**What is being asked**
The answer must give back every line of the data exactly, with no pictures.

**Information provided**

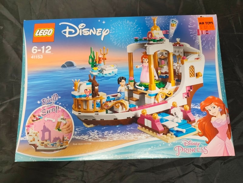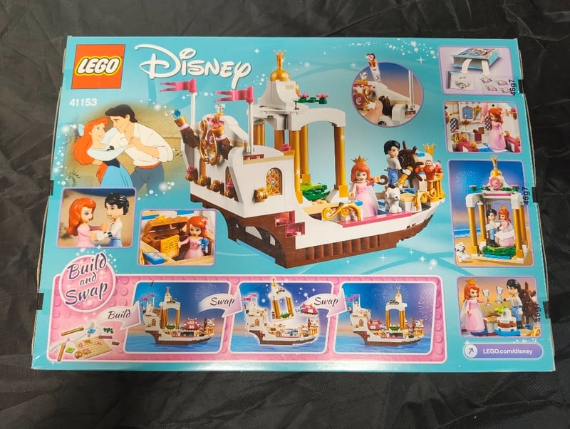 LEGO DISNEY PRINCESS ARIEL'S ROYAL CELEBRATION BOAT SET 41153Lego Disney Princess Set 41153 Featuring Ariel'S Royal Celebration Boat. This Buildable Set Includes A Detailed Multi-Level Ship With White And Brown Hull, Golden Accents, And Removable Cabin Sections. Includes Minifigures Of Princess Ariel And Prince Eric. Features "Build And Swap" Interactive Elements Allowing Customizable Configurations. The Set Showcases Intricate Architectural Detailing With Working Doors, Windows, And Decorative Elements. Suitable For Ages 6-12. Complete With Original PackCondition: Good - Refer To Images584525+134
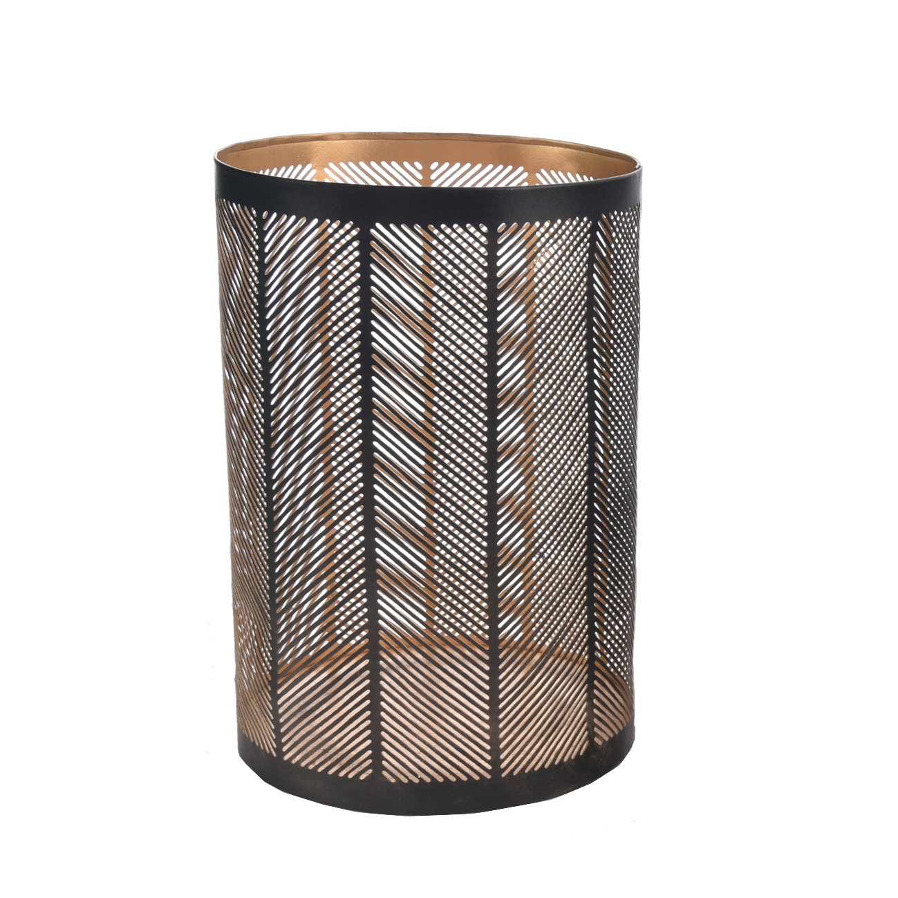 Svícen kov LINE černý/zlatý 13x13x22 cm
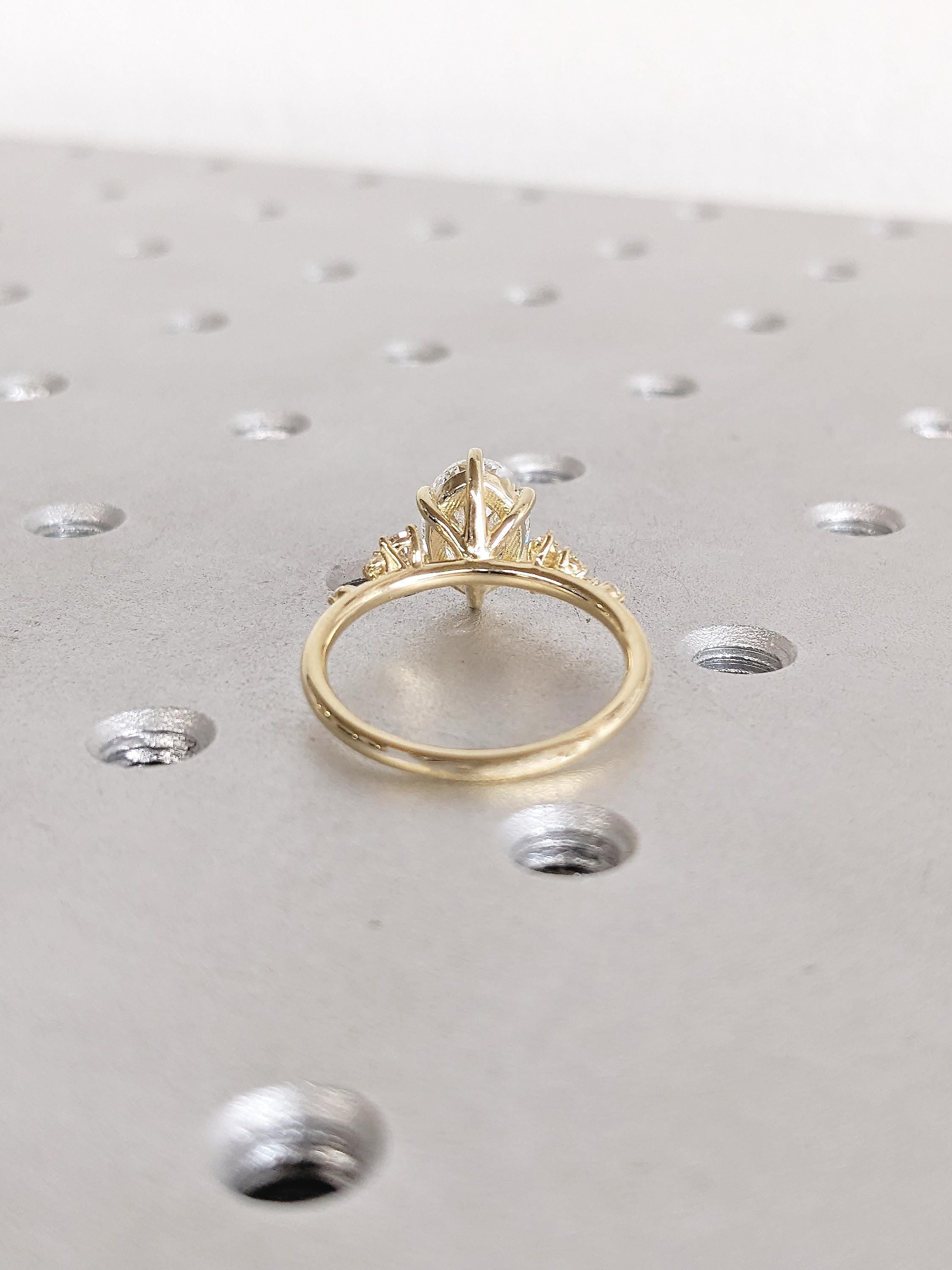 Celebrate the next chapter of your life with our elegantly designed engagement ring, showcasing an oval cut Moissanite center stone in prong setting. Adorned by a cluster of exquisite Natural Diamonds, Lab Grown Diamonds or Moissanites that glisten like freshly fallen snow, this meticulously handcrafted ring is the perfect symbol of your everlasting love.

**Written reply**
 LEGO DISNEY PRINCESS ARIEL'S ROYAL CELEBRATION BOAT SET 41153Lego Disney Princess Set 41153 Featuring Ariel'S Royal Celebration Boat. This Buildable Set Includes A Detailed Multi-Level Ship With White And Brown Hull, Golden Accents, And Removable Cabin Sections. Includes Minifigures Of Princess Ariel And Prince Eric. Features "Build And Swap" Interactive Elements Allowing Customizable Configurations. The Set Showcases Intricate Architectural Detailing With Working Doors, Windows, And Decorative Elements. Suitable For Ages 6-12. Complete With Original PackCondition: Good - Refer To Images584525+134
 Svícen kov LINE černý/zlatý 13x13x22 cm
 Celebrate the next chapter of your life with our elegantly designed engagement ring, showcasing an oval cut Moissanite center stone in prong setting. Adorned by a cluster of exquisite Natural Diamonds, Lab Grown Diamonds or Moissanites that glisten like freshly fallen snow, this meticulously handcrafted ring is the perfect symbol of your everlasting love.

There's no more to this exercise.